I cried into her shoulder and let it all pour out.

The words came in fragments, broken and raw—the fear, the shame, the realization that I'd destroyed something precious because I was too scared to claim it. I told her about the bar, about Georgia asking who Jack was, about introducing him as the ranch hand like he was nothing.

"I just said it," I gasped. "Without even thinking. Like it was the most natural thing in the world to pretend he meant nothing to me."

"Oh, sweetheart."

"And he just... he smiled. He shook her hand. He didn't say anything. He didn't call me out or make a scene." My voice cracked. "He drove me home and made love to me like I was the most important thing in the world, and the whole time he was saying goodbye."

I told her about the note—what Jack had written, how he needed to be chosen, how he wouldn't stay where he had to shrink himself to fit.

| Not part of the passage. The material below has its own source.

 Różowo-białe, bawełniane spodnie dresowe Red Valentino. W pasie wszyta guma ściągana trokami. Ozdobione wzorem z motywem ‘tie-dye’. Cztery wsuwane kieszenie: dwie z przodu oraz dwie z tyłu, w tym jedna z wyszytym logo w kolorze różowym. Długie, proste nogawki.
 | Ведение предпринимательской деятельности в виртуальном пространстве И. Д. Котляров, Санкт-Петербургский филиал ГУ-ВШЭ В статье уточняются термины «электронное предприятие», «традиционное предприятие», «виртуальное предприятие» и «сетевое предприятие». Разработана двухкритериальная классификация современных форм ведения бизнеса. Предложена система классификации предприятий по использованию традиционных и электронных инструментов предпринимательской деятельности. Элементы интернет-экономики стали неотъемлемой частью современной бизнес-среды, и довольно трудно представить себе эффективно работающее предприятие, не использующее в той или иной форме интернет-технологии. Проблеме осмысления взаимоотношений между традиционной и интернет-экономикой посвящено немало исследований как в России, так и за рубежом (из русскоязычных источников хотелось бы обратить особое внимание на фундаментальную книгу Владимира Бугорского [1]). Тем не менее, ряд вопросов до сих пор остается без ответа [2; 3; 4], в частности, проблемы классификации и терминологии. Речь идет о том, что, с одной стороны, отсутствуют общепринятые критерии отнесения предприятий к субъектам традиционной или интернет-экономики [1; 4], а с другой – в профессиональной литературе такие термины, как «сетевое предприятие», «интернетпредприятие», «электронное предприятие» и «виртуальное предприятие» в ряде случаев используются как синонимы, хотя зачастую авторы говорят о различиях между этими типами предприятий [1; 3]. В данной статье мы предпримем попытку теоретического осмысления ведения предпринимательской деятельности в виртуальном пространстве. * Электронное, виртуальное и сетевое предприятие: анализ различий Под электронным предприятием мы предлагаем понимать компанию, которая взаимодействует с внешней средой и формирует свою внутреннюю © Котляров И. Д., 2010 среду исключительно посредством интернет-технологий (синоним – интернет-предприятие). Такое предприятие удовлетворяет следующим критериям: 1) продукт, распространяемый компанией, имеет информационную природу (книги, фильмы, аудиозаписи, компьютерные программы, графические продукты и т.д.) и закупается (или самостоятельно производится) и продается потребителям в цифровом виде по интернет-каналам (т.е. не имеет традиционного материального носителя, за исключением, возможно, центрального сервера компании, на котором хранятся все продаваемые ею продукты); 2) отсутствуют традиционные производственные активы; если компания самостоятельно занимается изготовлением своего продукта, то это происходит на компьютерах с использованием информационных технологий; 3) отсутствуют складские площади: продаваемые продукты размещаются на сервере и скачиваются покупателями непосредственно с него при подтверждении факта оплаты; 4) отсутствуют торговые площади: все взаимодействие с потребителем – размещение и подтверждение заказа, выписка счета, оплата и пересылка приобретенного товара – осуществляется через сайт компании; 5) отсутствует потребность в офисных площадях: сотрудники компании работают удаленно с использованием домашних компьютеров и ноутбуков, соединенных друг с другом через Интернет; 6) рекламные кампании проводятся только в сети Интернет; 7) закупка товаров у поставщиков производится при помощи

"I thought the walls were protecting me," I said. "I thought if I just stayed small enough, stayed careful enough, no one could hurt me. But all I did was hurt myself. And hurt him."

I admitted how terrified I'd been to want Jack. How every time I felt myself falling, I'd pulled back. How I'd kept him at arm's length even when I was letting him into my bed, into my life, into every part of me that mattered.

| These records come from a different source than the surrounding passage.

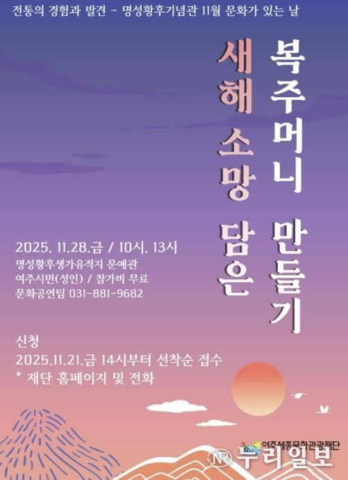 (누리일보) 여주세종문화관광재단은 오는 11월 28일, 명성황후기념관 11월 문화가 있는 날 프로그램으로‘새해 소망 담은 복주머니 만들기’를 진행한다.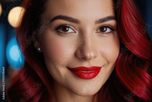 A close-up shot of a woman with bright red hair, focusing on her facial features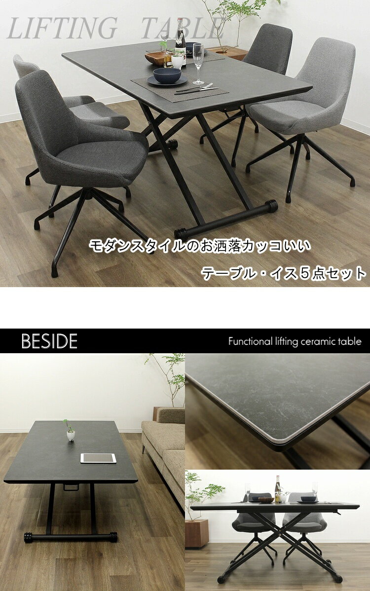 シリーズBESIDE 商品名 ダイニング5点セット 商品説明 ●モダンスタイルのお洒落カッコいいテーブルイスの5点セット ●天板にセラミックを使用したキズや摩擦熱に強いテーブルで、汚れにも強くサッと拭くだけでお手入れかんたん 見た目も石調のクールな印象で、大人の味わい深さを感じられます ●リビング・ダイニング兼用のテーブルとして便利に使えます 高さは30~76.5cmの範囲内で無段階に自由な高さ設定が可能なので、作業しやすい好みの高さで使えるのがとっても便利 ●ゆったりとしながらもフィット感のある座面で座り心地はとても快適です ●ザックリとしたファブリック生地で優しい雰囲気の回転椅子 色はグレー色(GY)とチャコールグレー色(CG)の2色あります ●座面が回転するため、立ち上がりは楽で機能面も充実 ●テーブル・チェア組立品 サイズ テーブル:幅140×奥行80×高さ30~76.5cm×1台 チ ェ ア:幅49×奥行53×高さ81(座面高43)cm×4脚 材質 テーブル:天板 6mmセラミック+30mmMDF 脚部 スチール(粉体塗装) チェア張地:ポリエステル 芯材:積層合板・ウレタンフォーム 脚部:スチール(粉体塗装) 送料 送料無料(一部地域は除きます。

"I didn't realize I was already all in until he was gone," I whispered. "I was so busy protecting myself from loving him that I didn't notice I already did."

Momma held me through all of it. She didn't try to fix it or minimize it or tell me everything would be okay. She just let me grieve.

"I ruined it," I gasped between sobs. "I had something real and I ruined it because I'm a coward."

"You're not a coward." Her voice was firm, her hand rubbing steady circles on my back. "You're scared. There's a difference."

"He left because I couldn't say it out loud. Because I couldn't choose him in front of people." I pulled back, wiping my face with furious embarrassment. "He saved my life, Momma. He stepped in front of a charging boar for me. He looked Daddy in the eye and told him he wanted to be with me. He did everything right. And I called him the fucking help."

Momma cupped my face in her hands. Her eyes were fierce and tender all at once, the way only a mother's can be.

"Listen to me," she said. "You made a mistake. A bad one. But that man didn't leave because he stopped loving you. He left because he loves you enough to demand you be brave." She paused, letting that land. "That's not the action of someone who's given up, Maggie. That's the action of someone who believes you're capable of more."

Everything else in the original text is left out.